Я хохотал, по привычке оглядываясь на кровати дедов. Мне хотелось совсем другого. Почти каждый вечер я рисовал себе, а потом и Сереге, одну картину: по дембелю я в парадке, с полной грудью значков – будут ведь у меня и значки к тому времени, – и покупаю двадцать один тюльпан, и встречаю ее утром на проходной, и в кармане у меня куплен билет домой, все! И все кругом обалдевают. И я ей говорю: «Здравствуйте, Наташа, извините, бога ради, что я задержал вас, я хочу вам сказать, что полтора года служил в этой части и полтора года видел вас, хоть иногда. Я, быть может, нескромно смотрел на вас, простите. Знаю одно: я больше никогда не увижу вас в жизни, мой дом далеко, вы меня видите в первый и последний раз, но я хочу, чтобы вы знали, что полтора года вы были для меня символом всего самого светлого, чистого, святого. Вы помогали мне жить, выжить, сами не зная об этом. Когда я видел вас, я становился человеком и мог все. Спасибо вам». И она будет грустно-грустно на меня смотреть, и рот ее будет, как мак на ветру, и она, может, первый раз в жизни задумается: не прошло ли в ее жизни что-то мимо, может, первый раз в жизни подумает, что, может, зря были когда-то разорваны на половые тряпки алые паруса, и расстреляны мечты на перевалах быта, и прерван полет, и кончена песня – ну, в общем, всякая ерунда, которая лезет в голову салабону при расслаблении. А потом она скажет что-то такое, о чем думать страшно, или просто поцелует так быстро, или вдруг даст адрес, чтоб написать, если судьба еще приведет, а она приведет, когда я буду уже, ого, кем я буду тогда… Ну и так далее. Мы стали шнурками – мы разогнулись.

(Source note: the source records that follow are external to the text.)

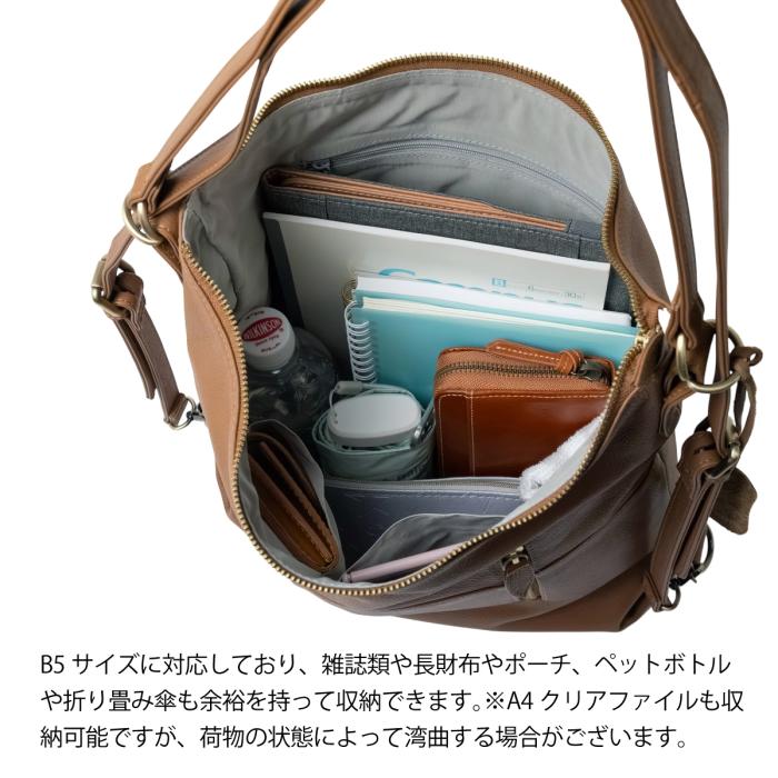 B5サイズに対応しており、雑誌類や長財布やポーチ、ペットボトルや折り畳み傘も余裕を持って収納できます。※A4クリアファイルも収納可能ですが、荷物の状態によって湾曲する場合がございます。
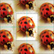 Ce tissu de nature animale est composé d'un motif répétitif d'une coccinelle (Coccinellidae), également connu sous le nom de coccinelle, vache ou dame, avec des taches rouges, orange et jaunes et des taches noires. Cet insecte est un ami célèbre du jardinier qui se nourrit de pucerons et d'autres parasites du jardin.
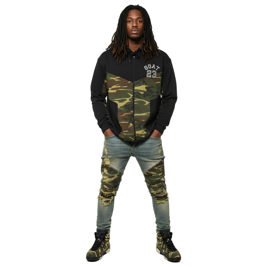 *23 GOAT* CAMOUFLAGE LUXURY ZIP UP HOODIES (CUT & SEW) (EMBROIDERED LOGO)
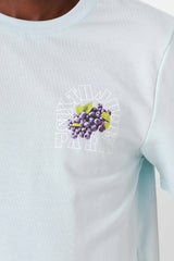 Logo imprimé avec une grappe de raisin en petit à l'avant et en grand au dos.
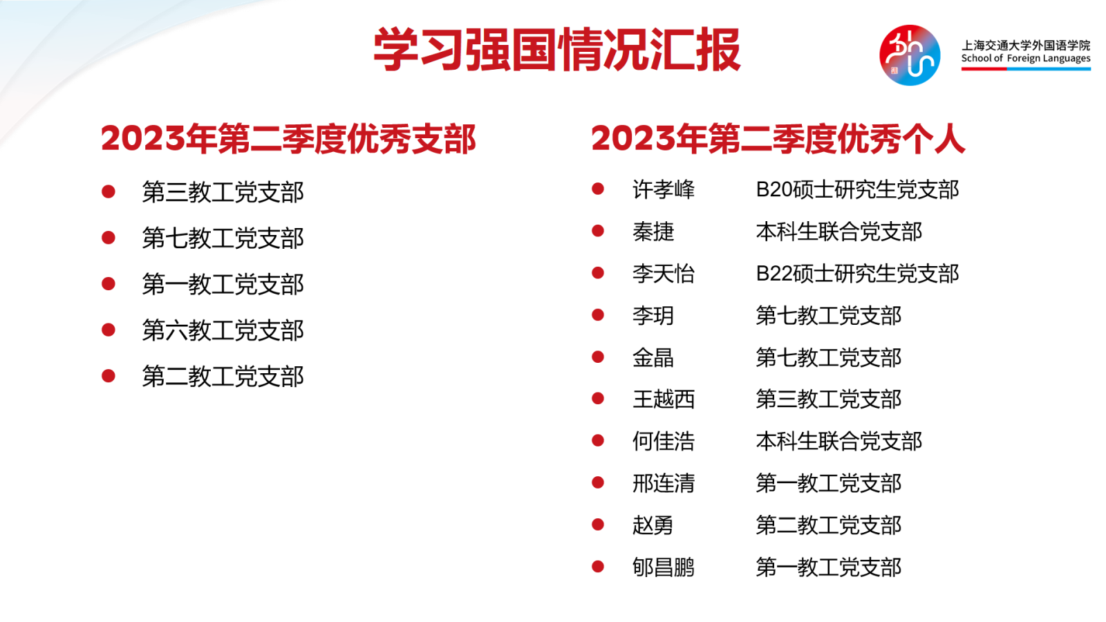 组织干事李玥就支部书记讲党课、召开专题组织生活会、党费缴纳等近期相关情况做了传达和提醒,并报告开元网页版2023年第二季度“学习强国”学习情况及第二季度“优秀支部”和“优秀个人”名单。

Мы стали улыбаться, жить. Все бы хорошо, да ночью меня позвали в туалет, и четыре дедушки укоризненно заметили, что, по их наблюдениям, я принципиально не припахиваю стукача Раскольникова – что я могу сказать по этому поводу?

По этому поводу я молчал.

Тогда меня спросили: так может, я хочу присоединиться к Раскольникову и ему будет все веселей? Нет, сказал я. Нет, я свое отпахал честно. А может быть, спросили у меня, я вообще салабонов припахивать не собираюсь и пальцем не трону? Нет, ответил я, нет – салабонов я припахивать буду и мочить буду тоже, еще как… Разговор принимал затяжной характер, что ничего славного мне не обещало.

Тут в туалет зашли Серега Баринцов и Петренко и встали со мной рядом. Чего, шнурье, пришли, спросили у них. Ничего, сказали они, постоять, покурить, положено это нам по сроку службы. Ну-ну, сказали дедушки, живите, как хотите, шнурье вонючее, но чтобы Раскольников пахал и порядочек в роте был. Дедушки уползли, а Серега просто обнял меня, и я почувствовал себя счастливым оттого, что кончилось мое салабонство, что будет у меня все здорово, что есть на свете женщина с солнечным именем Наташа и солнечными, живыми волосами, что на дворе уже осень, и все остальное здорово.

– Дураки, – сказал нам Петренко, надув усы (шнуркам усы уже полагались).

Дни пошли быстрее. Нашего Раскольникова я видел редко, да и не хотелось его замечать – ничего отрадного в этом живом напоминании о близком прошлом ни для меня, ни для кого из новых шнурков не было.

Седьмого ноября на обед были апельсины в столовой, а рота встретила праздник массой веселых событий.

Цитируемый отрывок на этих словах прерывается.